Exactly the lines from the start of the entries through the line with "新恋景app提供丰富的旅游资" are required in the output, with no pictures among them.
*** Record extracts
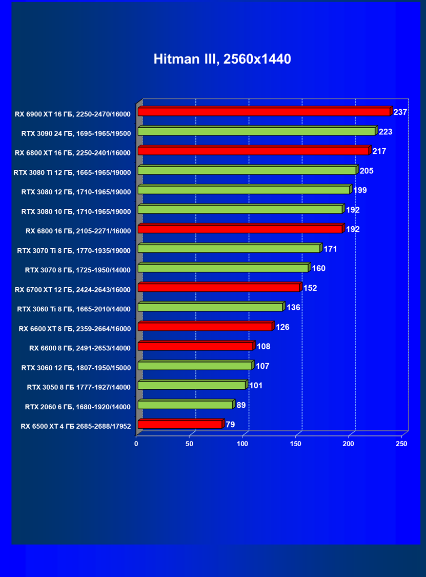 Кроме всех вышеперечисленных ускорителей для разрешения 2.5К при максимальном качестве картинки в классических играх с растеризацией подойдут прежде всего GeForce RTX 3060 Ti и Radeon RX 6700 XT (в ряде игр они могут замахнуться и на 4К), а если мы говорим об играх с RT, то именно в этом разрешении хорошо проявят себя Radeon RX 6900 XT и Radeon RX 6800 XT. Radeon RX 6600 XT весьма неплох для этого разрешения, но только без RT и не во всех играх (а уж 4К явно не для него). GeForce RTX 3060 и представители предыдущего поколения GeForce RTX 2070 Super/2070/2060 Super и Radeon RX 5700 XT также неплохо справляются с 2560×1440 (правда, уже с оговорками).
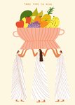 An artistic greeting card featuring three women in flowing gowns lifting a large bowl filled with vibrant fruit, symbolising nourishment, healing, and care.
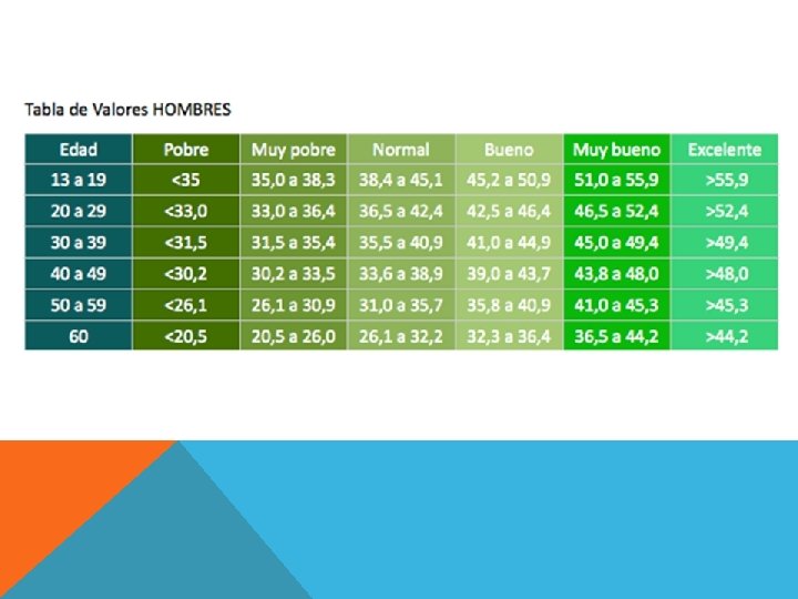 VALORES NORMALES Parámetro Referen cia FVC (capacidad pulmonar total) 3, 79 litros FEV 1 (volumen espirado en el primer segundo) 2, 87 litros FEV 1/FVC (proporción de CVF espirada en el primer segundo) 75, 73%
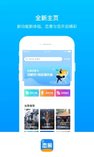 新恋景app提供丰富的旅游资源,为用户提供免费的全球景点讲解,全新景区故事“每天听旅行”专题栏目讲述,景区游览实时定位播讲,沟通交流“急”时翻译。
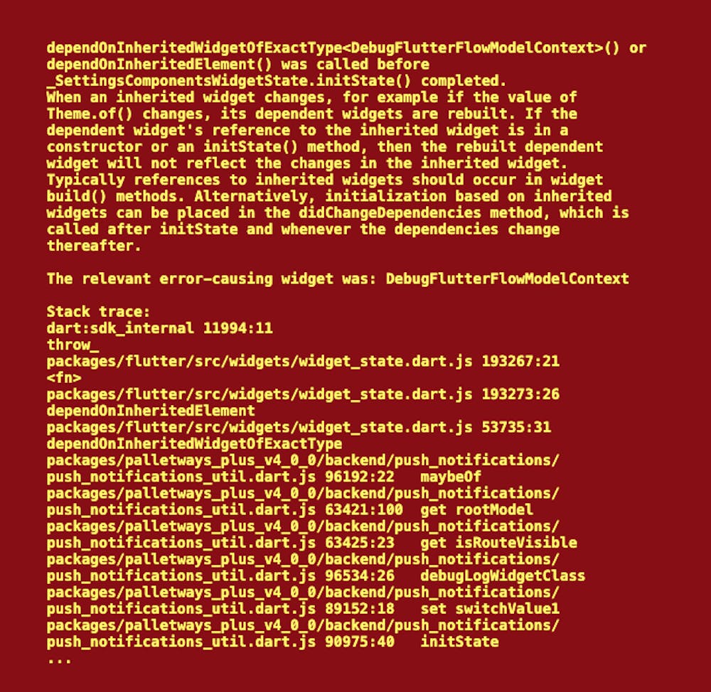dependOnInheritedWidgetOfExactType<DebugFlutterFlowModelContext>() or dependOnInheritedElement() was called before _SettingsComponentsWidgetState.initState() completed.
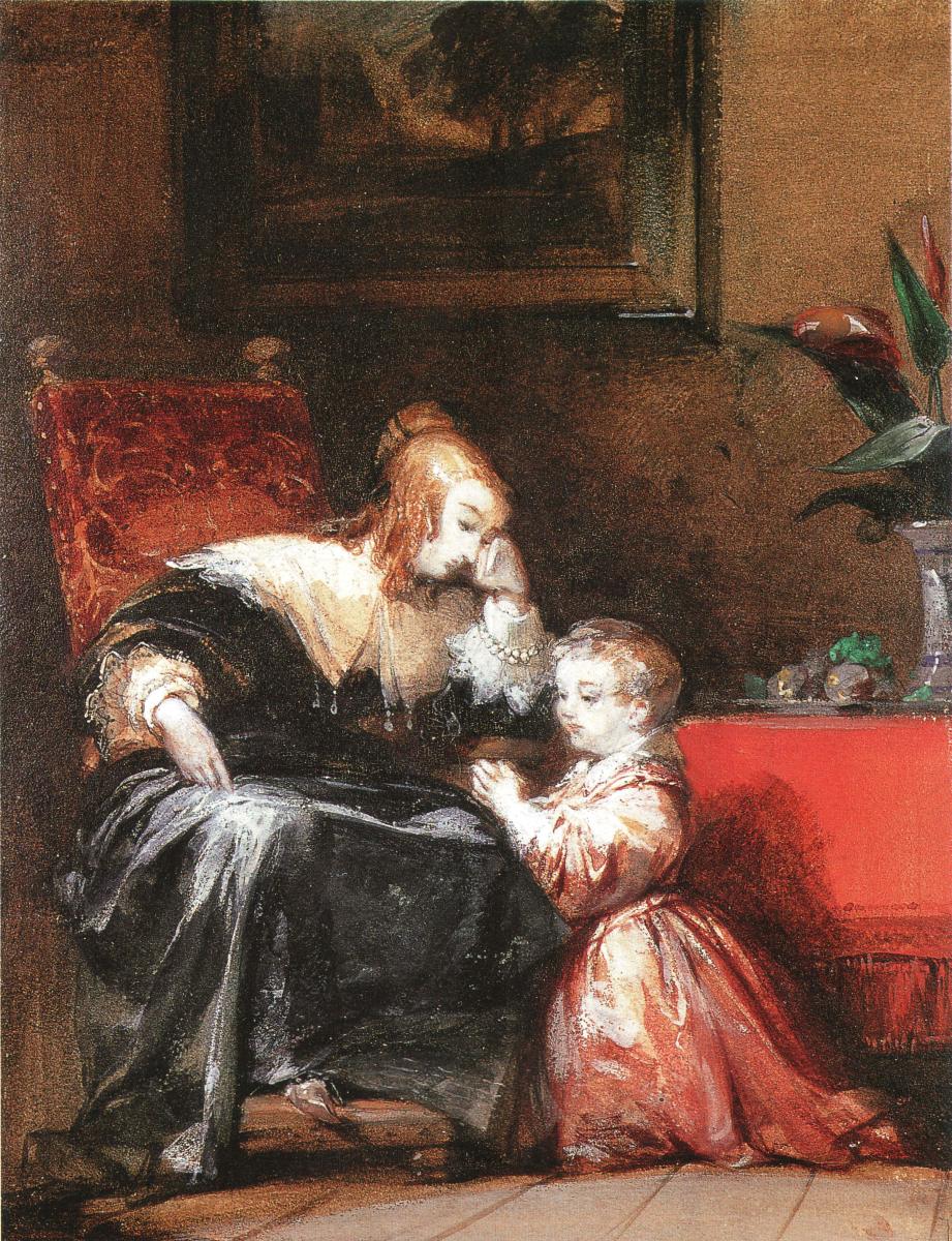 Richard Parkes Bonington a consacré une partie de son œuvre à l'histoire de France, et il a choisi ici de représenter un moment d'intimité entre Anne d'Autriche et son fils, le futur Louis XIV.
******
Solution to the exercise –
 Кроме всех вышеперечисленных ускорителей для разрешения 2.5К при максимальном качестве картинки в классических играх с растеризацией подойдут прежде всего GeForce RTX 3060 Ti и Radeon RX 6700 XT (в ряде игр они могут замахнуться и на 4К), а если мы говорим об играх с RT, то именно в этом разрешении хорошо проявят себя Radeon RX 6900 XT и Radeon RX 6800 XT. Radeon RX 6600 XT весьма неплох для этого разрешения, но только без RT и не во всех играх (а уж 4К явно не для него). GeForce RTX 3060 и представители предыдущего поколения GeForce RTX 2070 Super/2070/2060 Super и Radeon RX 5700 XT также неплохо справляются с 2560×1440 (правда, уже с оговорками).
 An artistic greeting card featuring three women in flowing gowns lifting a large bowl filled with vibrant fruit, symbolising nourishment, healing, and care.
 VALORES NORMALES Parámetro Referen cia FVC (capacidad pulmonar total) 3, 79 litros FEV 1 (volumen espirado en el primer segundo) 2, 87 litros FEV 1/FVC (proporción de CVF espirada en el primer segundo) 75, 73%
 新恋景app提供丰富的旅游资源,为用户提供免费的全球景点讲解,全新景区故事“每天听旅行”专题栏目讲述,景区游览实时定位播讲,沟通交流“急”时翻译。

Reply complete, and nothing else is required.